Here is a trivial and nonsensical program that illustrates the form of the compiler’s error messages.
Sample: PROGRAM =
BEGIN
i: INTEGER,
i ← j+TRUE;
END.
i: INTEGER,
↑ Syntax Error [46]
Text deleted is: ,
Text inserted is: ;

j is undeclared, at Sample[52]:
i ← j+TRUE;

TRUE has incorrect type, at Sample[52]:
i ← j+TRUE;
The first message is generated by the first pass and shows how syntactic and lexical errors are reported. The arrow points to the first symbol that is necessarily invalid (or one symbol before it), and the decimal number is a character index in the source file. Of course, the compiler cannot know what you intended, and the "real" error might have occurred quite a bit earlier. The compiler tries to fix these errors as best it can by local deletion and insertion of symbols. These symbols are not written into the source file but are reported to help you interpret subsequent messages. If the compiler cannot find a way to continue parsing, or if too many of these errors accumulate, it gives up.
Fine Point:
In order for the arrow to line up under the syntax error, you need to be viewing the file with a fixed pitch font.
If you are editing the program and its error log in the debugger, you can use the Position command on one of the menus of the source window to locate the errors, given the character indicies in the error log.
The other error messages report "semantic" errors. Errors are located by displaying a line of source text (the second line in each message) as well as the character index (a decimal number) and the enclosing procedure or program name (the identifier preceding the number). The text of the error message is intended to be reasonably self-explanatory. Sometimes it refers to an identifier or expression. The compiler reconstructs these expressions from the parse tree; in later passes, the reconstruction often reflects rearrangement or constant folding so it may not exactly duplicate the source code. As subexpressions, "?" indicates an undeclared identifier and "..." indicates either a cutoff because of depth of nesting or an expression form the compiler cannot reconstruct from the parse tree.
Compiler Failures
The message reporting a compiler failure has the following form:
FATAL COMPILER ERROR, at id[index]:
(source text)
Pass =
n, signal = s, message = m
Such a message indicates that the compiler has noticed some internal inconsistency. The compiler will skip the remainder of the command line if this happens. If you get such a message (or encounter other compiler problems), you should submit a change request as described in Section 1.8. Be sure to preserve the relevant files and to mention the octal codes identifying the pass (n), signal (s) and message (m) in your change request.
Current Limitations
The following limits are built into the current implementation of Mesa and are enforced by the compiler:
The number of interface items declared in a single DEFINITIONS module cannot exceed 128.

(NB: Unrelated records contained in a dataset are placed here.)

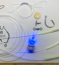 A quality, 3 hook Deep Drop Rig, bench crimped at each point 350lb all the way through. Hook traces (30cm) are Japanese Fujiyama Flurocarbon and fluoresce in UV light (the last remaining light in the deep) The backbone of the rig is 350lb Japanese Fujiyama Mono. All line used is of commercial grade and used in the longline industry.
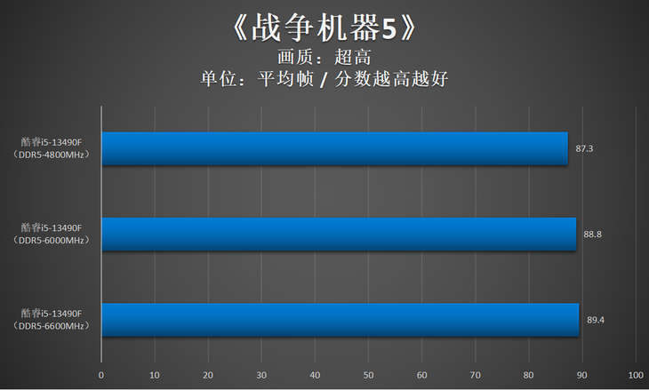 在《戰(zhàn)爭(zhēng)機(jī)器5》這款游戲?qū)崪y(cè)當(dāng)中,高頻DDR5內(nèi)存的加持也有助于13代酷睿平臺(tái)的游戲性能提升。
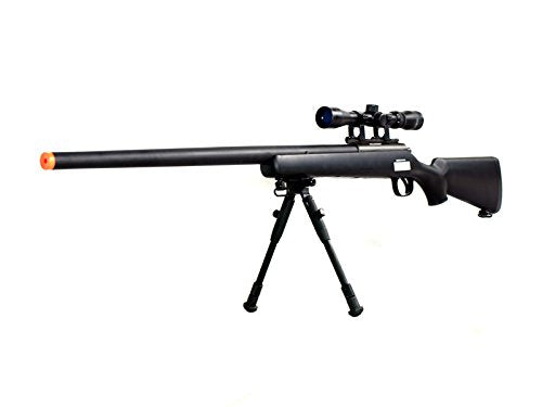 Details: Introducing the BBTAC VSR-10 Sniper Rifle, with 3x Hunting Scope and Metal Extendable BipodSpecifications: Operation: Bolt Action Build: Aluminum Outer Barrel, Bolt ABS Plastic Stock Firing Modes: Single Shot, w/ Functional Safety Muzzle Velocity: 400 FPS (w/ 0.20g BBs approx) Magazine: 30 rounds Weight: 5.3 lbs Overall Length: 45.5 inch Package Included: airsoft rifle, magazine, Scope and BipodAmmo type: Seamless 0.20g or heavier (0.23g, 0.25g, 0.26g, 0.28g, etc) BBs. For maximum performance and accuracy, we recommends MetalTac .20g .25g .30g BBs which carry perfect spherical consistency and density, available on Amazon, please search for "MetalTac BB"
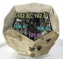 The name crystal pyrite comes from one of the two common crystal habits shown by pyrite (the other one being the cube). In pyritohedral pyrite, the faces have a Miller index of (210), which means that the dihedral angle is 2·arctan(2) ≈ 126.87° and each pentagonal face has one angle of approximately 121.6° in between two angles of approximately 106.6° and opposite two angles of approximately 102.6°. The following formulas show the measurements for the face of a perfect crystal (which is rarely found in nature).
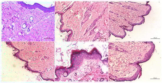 The antitumor activity was investigated by the quantification of the number and diameter of papilloma > 1 mm weekly. When compared to oral RXF suspension and RXF-loaded liposome gel containing 0% PG, the optimum RLDL formulation resulted in a significant (p < 0.05) decrease in the number and diameter of papilloma. The presence of malignant proliferative epithelial cells was discovered histopathologically in the +ve control group. This group had some vacuolated epithelial cells. Dermal granulation tissue appeared as a result of vascular proliferation. Additionally, hyperkeratosis, inflammatory cell infiltrations and signs of dermal toxicity appeared with oedema. The free RXF gel group showed no improvement in symptoms of skin toxicity in the dermis and epidermal layers (Figure 6C). Even following treatment with oral RXF, the size and number of papilloma increased but at a slower rate than the +ve control group (Figure 6D). In the dermal subcutaneous layer, the epidermis’ surface epithelium displayed hyperkeratosis and acanthosis, as well as a disseminated inflammatory reaction and edoema. The existence of a chronic proliferative reaction is indicated by hyalinosis of certain blood vessels (Angiopathic). RXF-loaded liposome gel with 0% PG gel group (Figure 6E) showed a moderate improvement in skin toxicity in terms of papilloma size and number. Despite the fact that the number and infiltration rates of inflammatory cells have improved in Figure 6E, hyperplasia in the skin persists. When compared to the RXF-loaded liposome gel containing 0% PG gel group, the optimum RLDL gel group Figure 6F exhibited a significant reduction in hyperplasia and hyperkeratosis. When compared to the –ve control group (mice received neither DMBA nor SNG, Figure 6A), the optimal RLDL gel group demonstrated an absence of inflammatory reactions inside the dermis, as well as a significant improvement in skin toxicity, with normal architecture, structure, and appearance in both the epidermal and dermal layers. Optimum RLDL gel showed improved anti-angiogenic and antitumor effectiveness when compared to oral RXF at the same dose. The papilloma were elucidated when RXF was introduced into deformable liposome gel carriers due to the targeting capabilities and sustained action of deformable liposome gel carriers.

Neither the number of procedure bodies nor the number of signal codes defined in a single PROGRAM module can exceed 128.
The size of the frame or record required by a procedure or program cannot exceed 4096 words.
Procedure declarations cannot be nested more than five levels deep, counting catch phrases as procedure levels.
The compiler allocates its internal tables dynamically and tries to adjust their relative sizes to accommodate the program being compiled. When it is unsuccessful, it reports failure with a message of the form:
Storage Overflow in Pass n
Usually, the best thing to do is split your program into two or more smaller modules. If the Pass is 5, you can sometimes get your program compiled by removing code from the main body (into a procedure called by the main body), or reordering the procedures so that the largest ones come near the end. The reason that this works is that pass 5 reuses the parse tree space from earlier procedures to hold code generated for later procedures. If the main body (first processed) or one of the first procedure bodies is large, there is not much space for the code.